### Action item
Omit the pictures, then reproduce exactly the line bearing "Hand cut stained" and every line after it up to and including the last line of the entries below.

[Recorded data]
"""
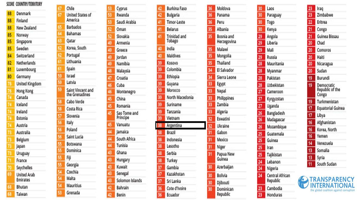 En base a estos datos, la Argentina sufrió uno de sus peores retrocesos en los últimos años. Cayó 18 puestos. Ocupa el puesto 96. Empata en 38 puntos con Turquía y Lesotho (que bajaron como nosotros), con Serbia y Brasil (que se mantuvieron) y con Indonesia, que se unió al lote al subir su puntuación.
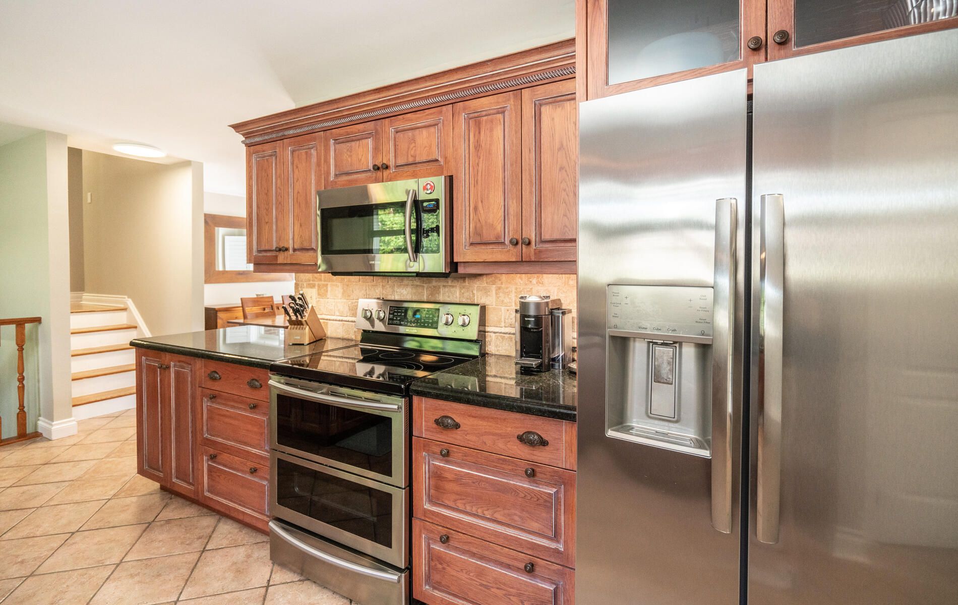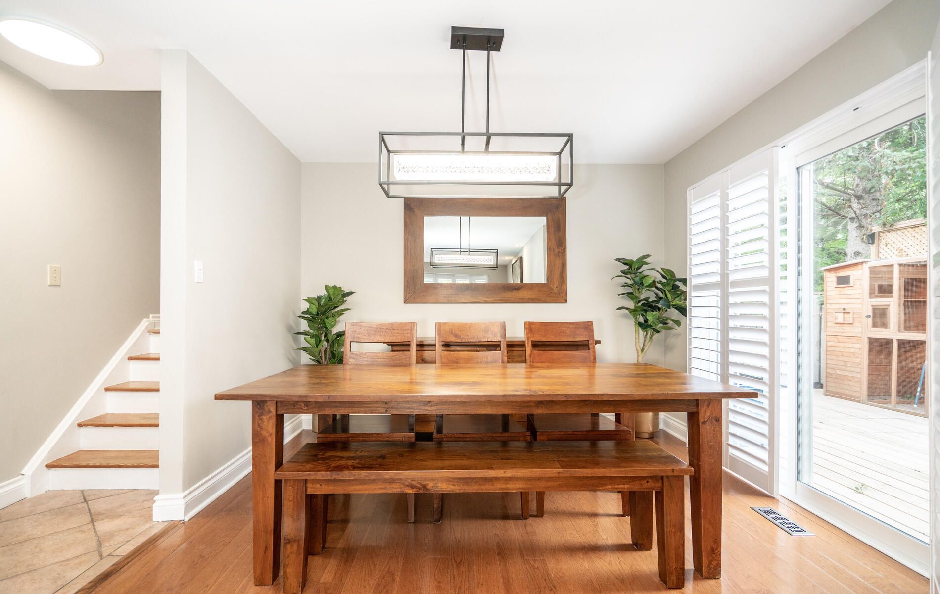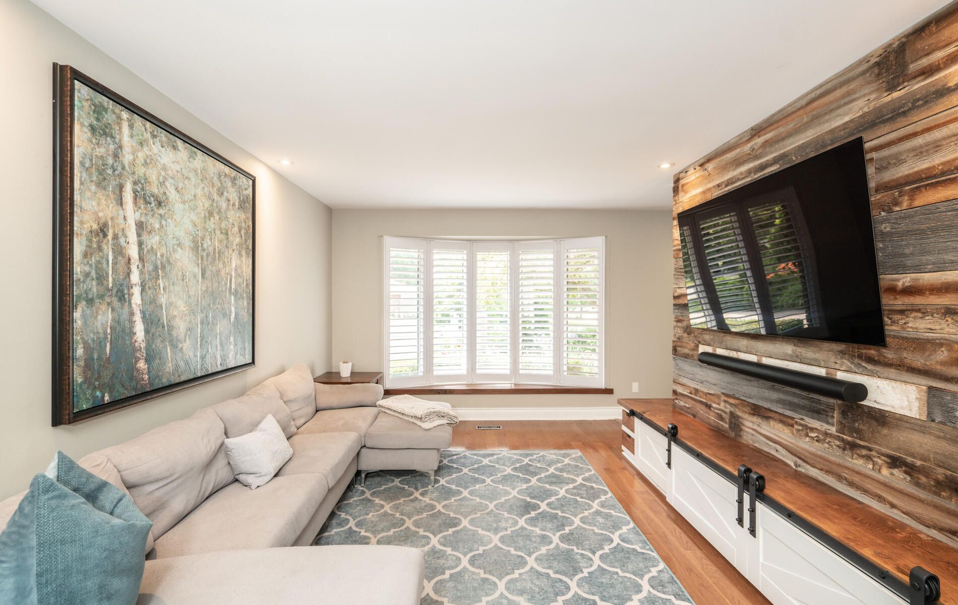 Look no further than this beautiful 3 bedroom backsplit. Spectacular built-ins in the family room with a bay window and seating that overlooks the landscaped yard, open concept to dining area with walk-out to the patio. Kitchen has hickory cabinets, tumble marble backsplash, granite counters, pot drawers, breakfast bar & yard access. Hardwood floors on main and basement levels, Renovated spa like bathrooms-main with towel warmer. Primary bedroom has walk-in closet with organisers. Basement is an open finished space with a cozy wood burning stove, storage area and playroom. All new windows (except at the back of the house). New front, patio and garage doors. Garage is fully insolated/drywalled with epoxy flooring and additional side door yard access. Drive is stamped concrete with walkway leading to the house. Backyard is fenced and private. Home is centrally located on a cul-de-sac surrounded by schools, shops, grocery stores, parks, recreation centre, medical facilites, transit, etc.Family Room mounted TV negotiable, Primary Bedroom mounted TV negotiable, Garage mounted TV negotiable. Architectural Drawings available for expansion suggestions
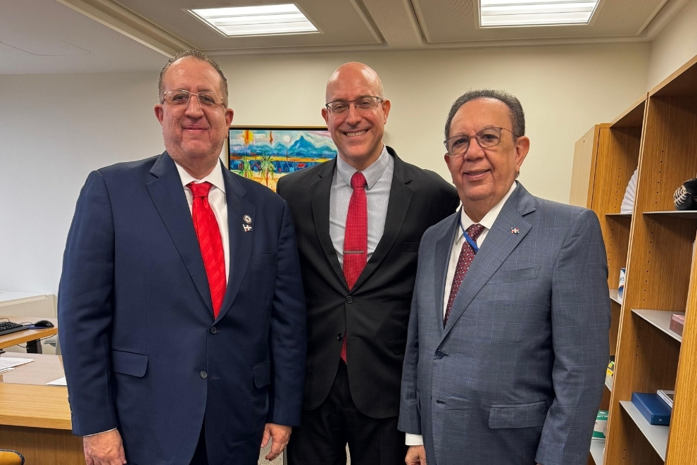El gobernador del Banco Central de la República Dominicana, Héctor Valdez Albizu, y el ministro de Hacienda y Economía (MHE), Magín Díaz, sostuvieron un encuentro bilateral con André Roncaglia, director ejecutivo del Fondo Monetario Internacional (FMI) por Brasil y presidente de la constituyente de países, a la cual pertenece la República Dominicana, en el marco del inicio de las Reuniones Anuales del FMI y del Banco Mundial de 2025.
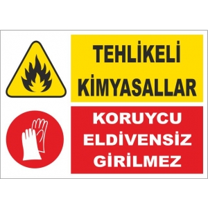 Tehlikeli Kimyasallar Koruycu Eldivensiz Girilmez İkaz Levhaları (1094)
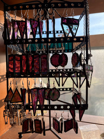Hand cut stained glass earrings made in Tiffany style with copper foil and lead free solder. They weigh 5 grams. For reference a US quarter weighs 6 grams. They have .925 silver hypoallergenic hooks.
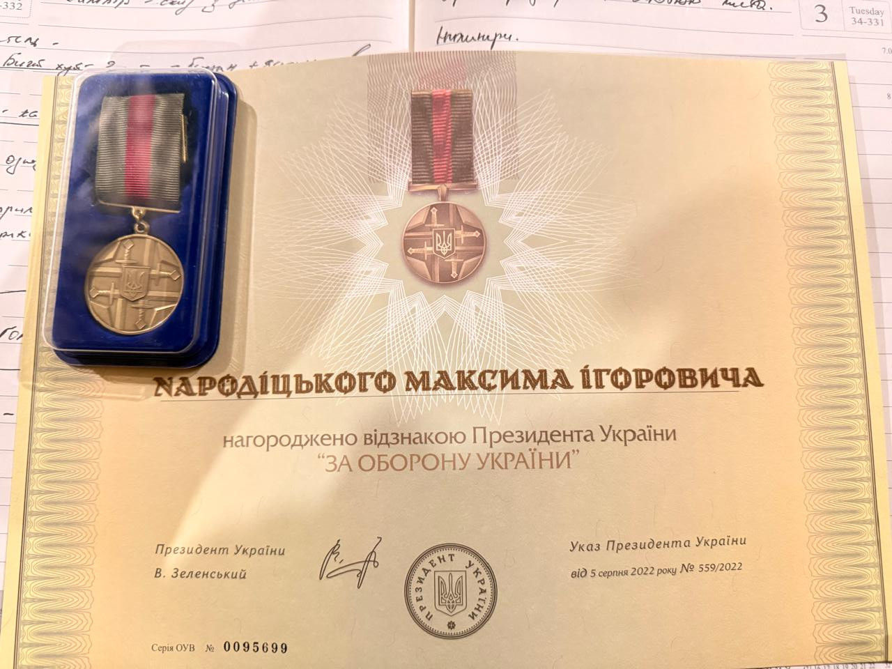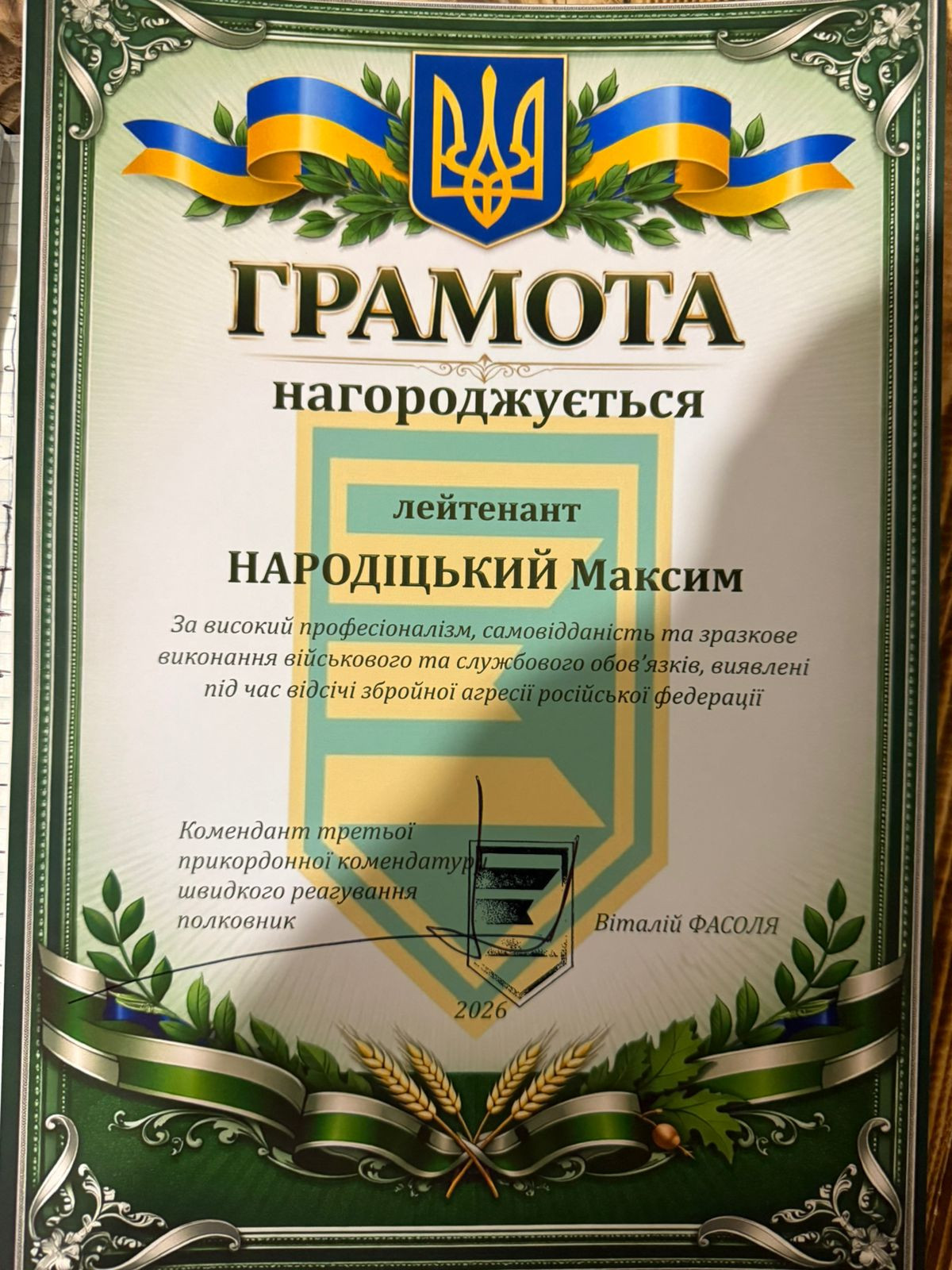 Окрім державної відзнаки, Максим Народіцький нагороджений почесною грамотою за високий професіоналізм, відповідальність і відданість службі, проявлені під час виконання завдань із відсічі збройної агресії.
"""
### Task output
Hand cut stained glass earrings made in Tiffany style with copper foil and lead free solder. They weigh 5 grams. For reference a US quarter weighs 6 grams. They have .925 silver hypoallergenic hooks.
 Окрім державної відзнаки, Максим Народіцький нагороджений почесною грамотою за високий професіоналізм, відповідальність і відданість службі, проявлені під час виконання завдань із відсічі збройної агресії.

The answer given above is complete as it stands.